Eva no pudo contener aquel gemido final mientras se dejaba ir. Cuando abrió los ojos vio a Andrés, contemplando cómo temblaba allí tirada y abierta de piernas, tan expuesta, se deleitaba con el resultado de lo que había provocado. Se lamió los labios y se agachó para besarla.

-Muy bien -dijo en voz baja. Aquel beso sabía a ella.

Y en un segundo Andrés la penetró hasta el fondo, y antes de que Eva pudiera recuperarse de esa gloria que es la primera embestida, Andrés ya se había movido quedándose él tumbado y Eva montada sobre él.

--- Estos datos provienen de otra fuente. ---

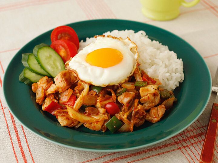 2.フライパンにサラダ油を熱し鶏もも肉と玉ねぎを入れて炒める。鶏肉の色が変わってきたらピーマンと「ご飯がススムキムチ」を加え、酒を回し入れて炒める。オイスターソースを加え、さっと炒めたら火を止める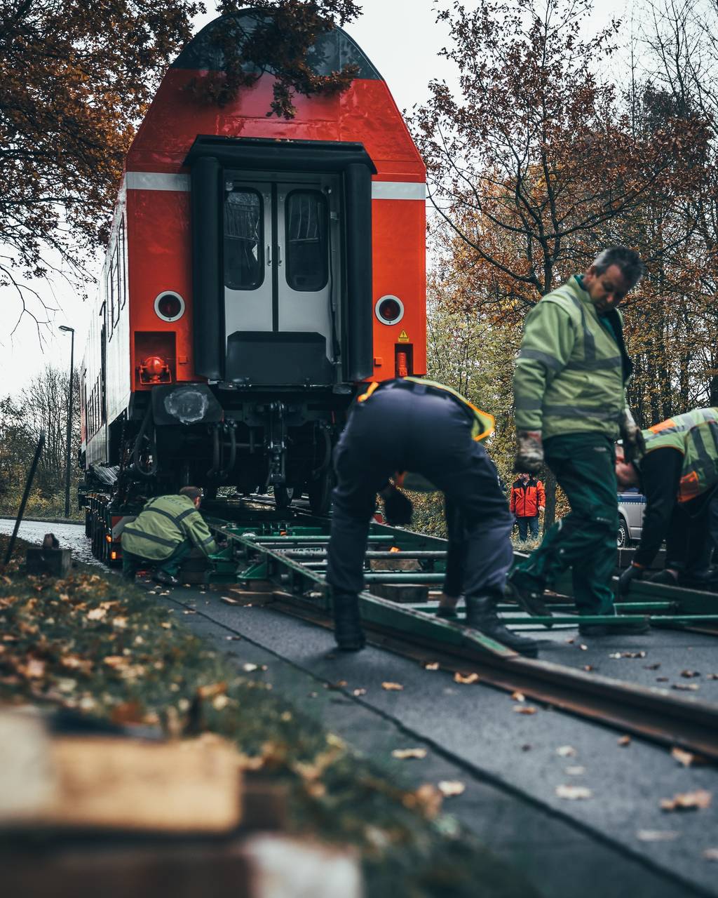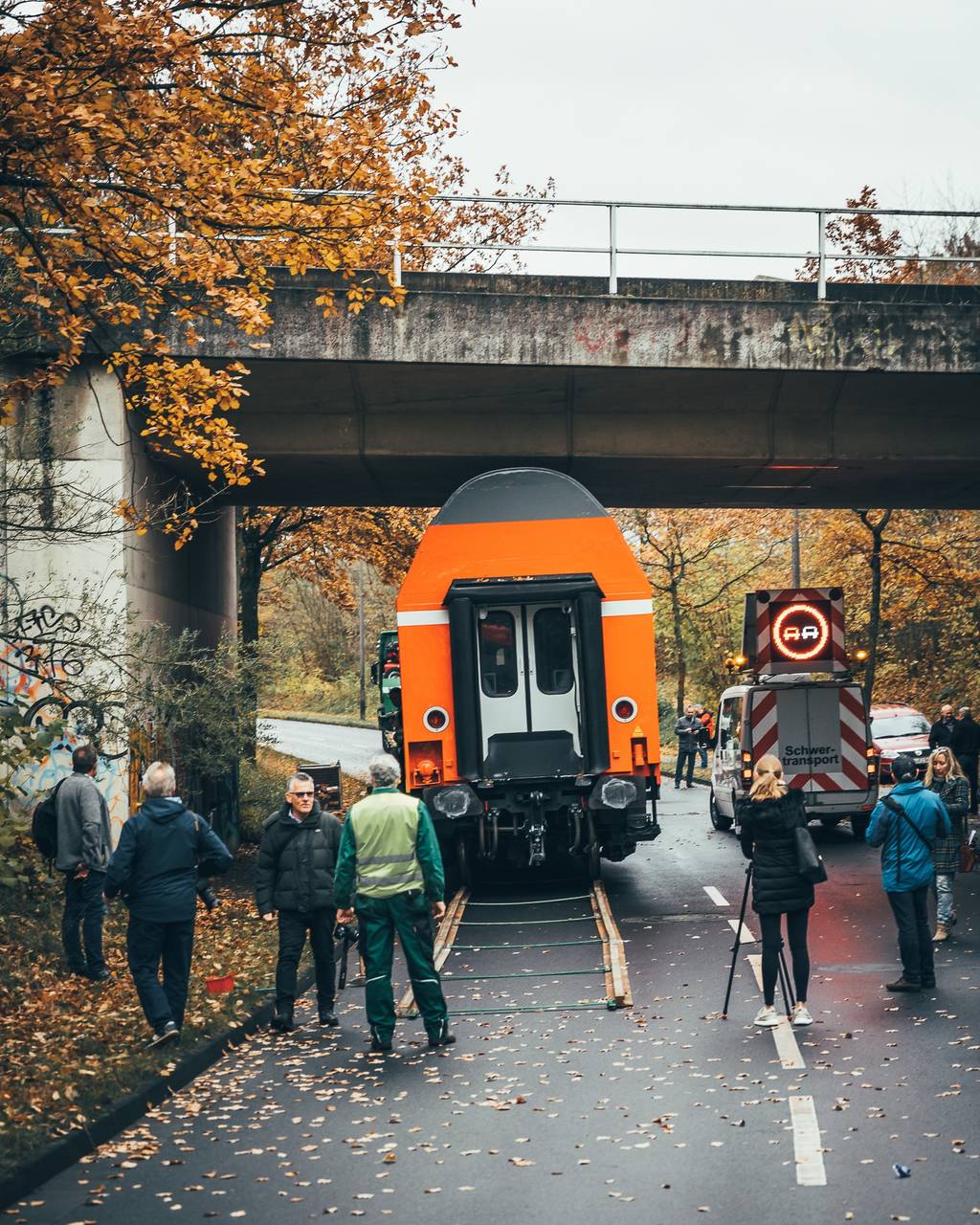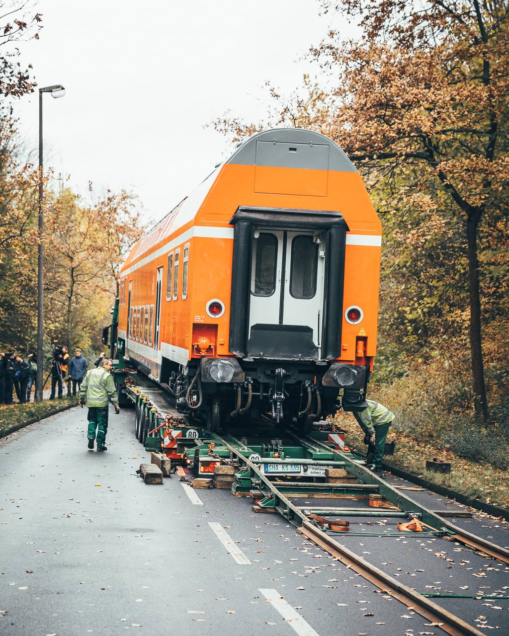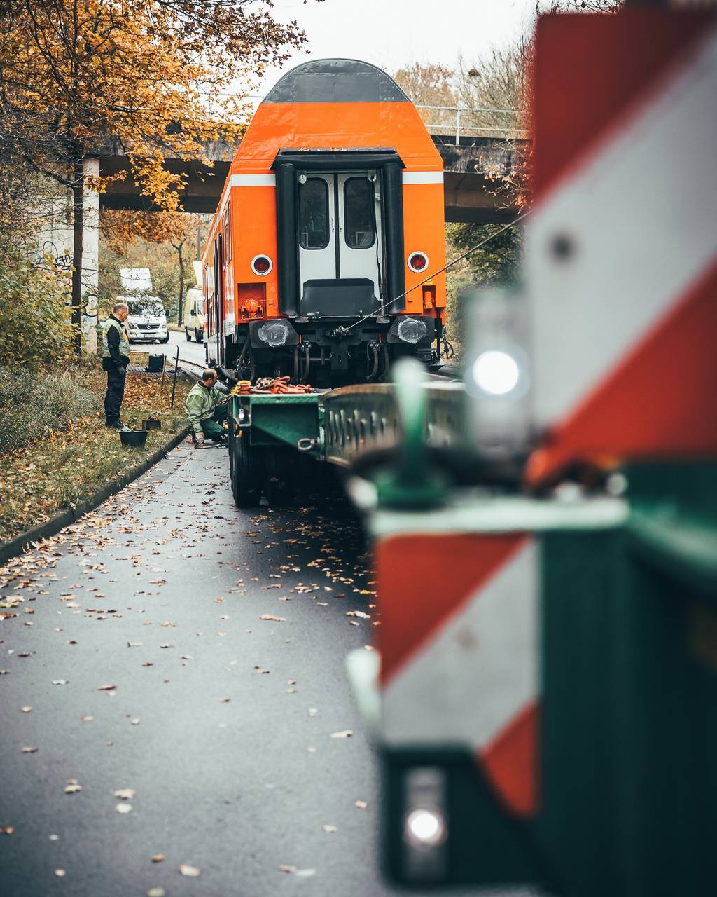 Darin sollen die Bundespolizisten später für echte Einsätze in Zügen üben. Dabei geht es zum Beispiel um die An- und Abreise von Fußballfans oder Demonstranten. Ein Problem ist die Höhe des Waggons: Weil der Wagen auf dem Tieflader nicht durch eine Unterführung passt, werden dort provisorische Gleise auf der Straße verlegt. Der Waggon wird abgeladen, über die Gleise durch die Unterführung geschoben und dann wieder aufgeladen. Um 15 Uhr soll das Projekt abgeschlossen sein.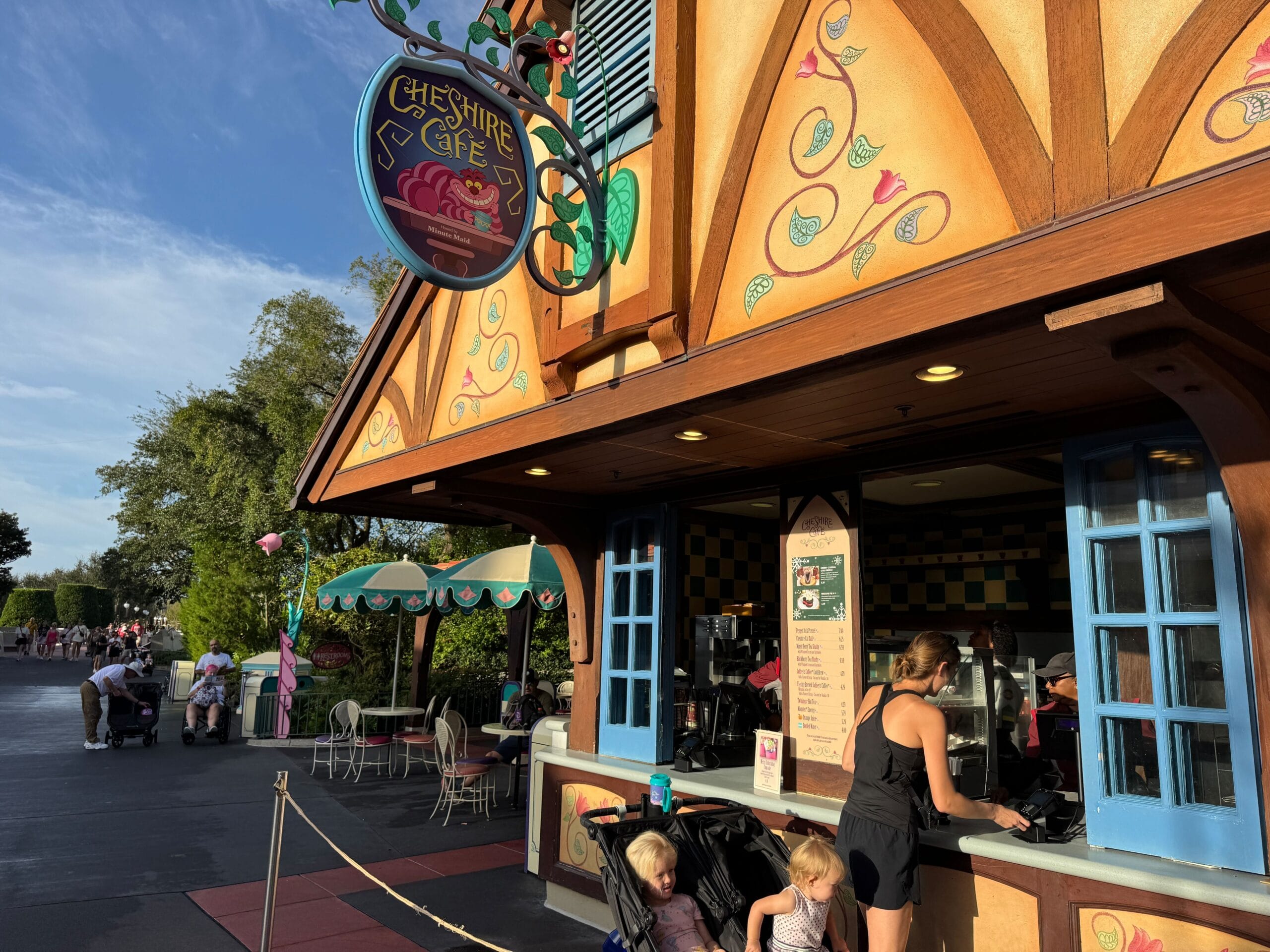 A woman stands at the counter of Cheshire Café in Magic Kingdom, with two children in a stroller. The whimsical decor and a smiling cat sign hint at the seasonal delights inside, as outdoor seating with umbrellas beckons guests to savor magical Christmas treats.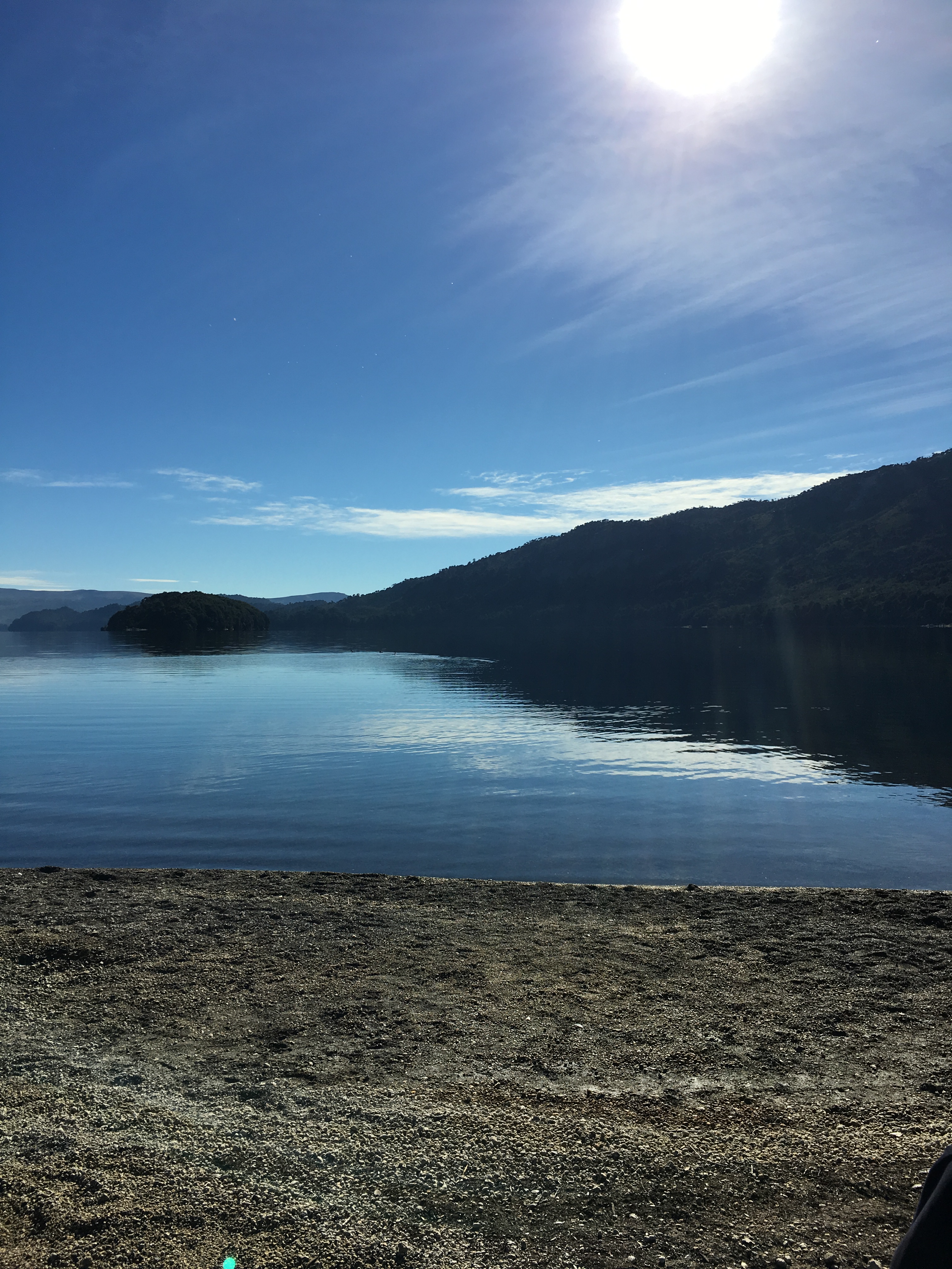 Desafío: desde la playa del camping, sacar una foto al paisaje y lograr que el mismo se refleje como un espejo en la superficie de la laguna. Si invertís la foto, no se deben dar cuenta de cuál es el celeste del cielo y cuál el celeste del agua!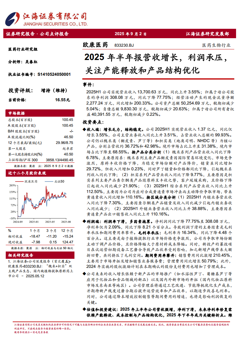 医药生物行业:2025年半年报营收增长,利润承压,关注产能释放和产品结构优化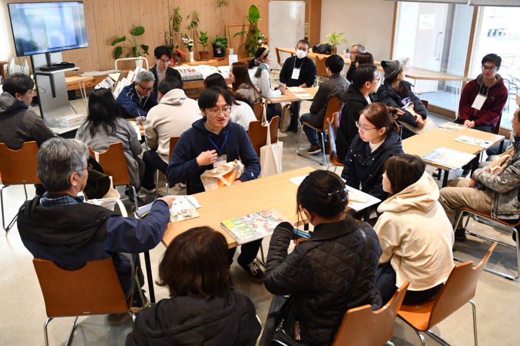 それぞれのお話を聞き終わったあとは、参加者が4つのテーブルに分かれ、菊池さん、「こんにちは かつらお」の移住相談員、ふくしま12市町村移住支援センターの職員が各テーブルをまわって、葛尾村での暮らしや移住の心得などについてディスカッションする時間が設けられ、和やかで活発なやりとりがおこなわれました。

-Ahora sí que dejo que me enseñes cómo te mueves…

– – –

Eva se despertó de un sobresalto. Estaba en su cama. Apoyó las palmas de sus manos en la cama dejando caer su peso. Notaba las bragas mojadas y la boca seca. Miró el reloj de su mesilla. Las 4:27 am.

“Era un sueño.”-pensó- “Un buen sueño…”

Silencio.

“Pero tan real…”

Y dejándose caer en la cama recordó que ya faltaba menos de una semana para verle.